The ongoing conflict in the Middle East has triggered a sharp surge in global crude oil prices, raising concerns for energy-importing countries such as Bangladesh.
International benchmark Brent crude has climbed to around $108.77 per barrel on Monday, marking the largest single-day increase since the COVID-19 pandemic in 2020. Oil prices had already risen by nearly 28% last week, and analysts warn that they could reach $150 per barrel if the conflict lingers.
The surge follows escalating hostilities involving the United States and Israel launching strikes on Iran, with Tehran responding in retaliation. The tensions have disrupted shipping through the strategically crucial Strait of Hormuz, a key route for global energy transportation, triggering significant volatility in the international oil market.
Market analysts say recent airstrikes have reportedly damaged several oil depots and energy facilities in Iran, raising fears of major supply disruptions from the Middle East. Such developments could push fuel prices even higher, affecting consumers and businesses worldwide.
Meanwhile, China and India have expressed interest in supporting Bangladesh with oil supplies, according to officials.
The interest was conveyed by India's High Commissioner to Dhaka Pranay Verma and China's Ambassador to Dhaka Yao Wen during their meetings with Finance Minister Amir Khosru Mahmud Chowdhury and Energy, Power and Mineral Resources Minister Iqbal Hassan Mahmood Tuku respectively on Monday.
Speaking to reporters after the meeting with the finance minister at the Secretariat, the Chinese envoy said Bangladesh and China will work together to address the country's energy challenges. He added that China is interested in providing energy cooperation to Bangladesh.
Earlier in the day, the Indian high commissioner met Tuku to discuss fuel supply cooperation.
Impact on Bangladesh
The shock is being directly felt in economies that rely heavily on imported fuel, including Bangladesh. Rising fuel import costs are increasing the cost of electricity generation, which in turn is pushing up the government’s subsidy burden.
Experts warn that if instability in the Middle East persists, prices of crude oil and liquefied natural gas (LNG) could climb further. This could intensify pressure on Bangladesh’s power and energy sector, potentially affecting industrial production, electricity supply and the daily lives of ordinary citizens.
A source in the power division said outstanding dues owed by the Bangladesh Power Development Board (BPDB) to local and foreign power producers have already reached about Tk46,000 crore, deepening the sector’s financial strain.

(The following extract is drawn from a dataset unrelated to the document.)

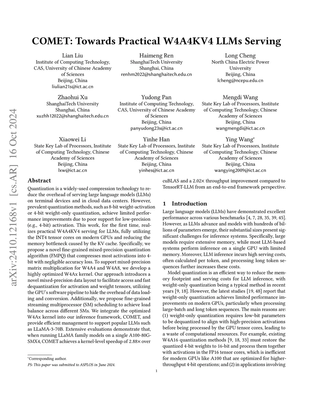 COMET: Towards Partical W4A4KV4 LLMs Serving

At the same time, the government faces pressure to reduce subsidies under conditions linked to its loan programme with the International Monetary Fund (IMF), creating policy and structural challenges for the sector.

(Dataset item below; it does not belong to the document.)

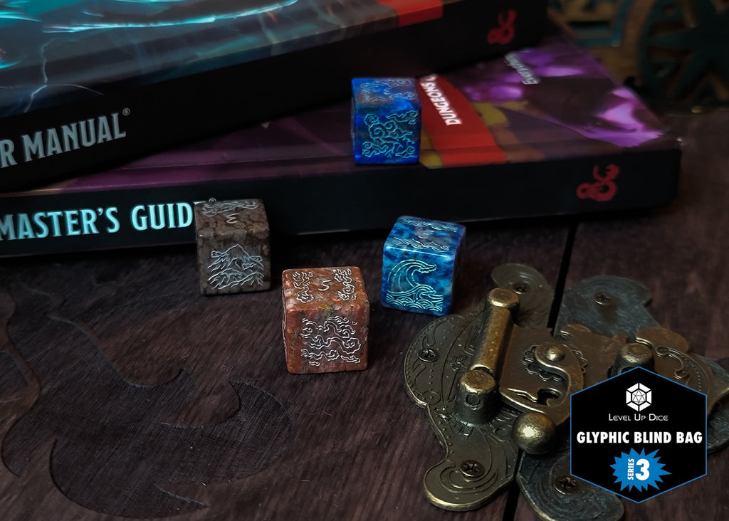 Introducing Limited Edition Handcrafted Gemstone Dice - Box of 12 Blind Bags (Series 3) by Level Up Dice: The ultimate treasure for every avid gamer! Step into a world of enchantment and excitement with Level Up Dice's Glyphic Blind Bag Series 3, featuring an unparalleled collection of mind-blowing dice.

Oil prices surge past $100
Global oil prices have crossed the $100 per barrel mark for the first time since 2022 as the conflict between Iran and the US-Israel alliance intensifies. Concerns that energy shipments through the Strait of Hormuz could be further disrupted have added to market volatility.
On Monday in Asian trading, Brent crude rose 15.5% to $107.16 per barrel, while Nymex light sweet crude increased more than 17% to $106.77. Prices surged rapidly, jumping around 10% within a single minute and another 10% within the following 15 minutes.
According to the latest data from commodity market trackers, Brent crude was trading around $108-$109 per barrel on Monday morning, up by 17% from the previous day, while WTI crude approached $108, rising by about 18-19%.
Growing concerns for Bangladesh
Analysts warn that if the Strait of Hormuz remains disrupted until the end of March, oil prices could rise above $150 per barrel, approaching historic highs. Such a scenario could trigger an energy shock similar to that of the 1970s, leading to higher inflation, rising transport costs and reduced industrial output globally.
For Bangladesh, which imports most of its fuel, the implications are serious. The country imports around 6-7 million tonnes of fuel annually, much of it from the Middle East. A $10 increase per barrel significantly raises import costs, while prices approaching $150 could increase the import bill by several billion dollars and place further pressure on foreign exchange reserves.
The Bangladesh Petroleum Corporation (BPC) could face losses unless domestic fuel prices are adjusted accordingly.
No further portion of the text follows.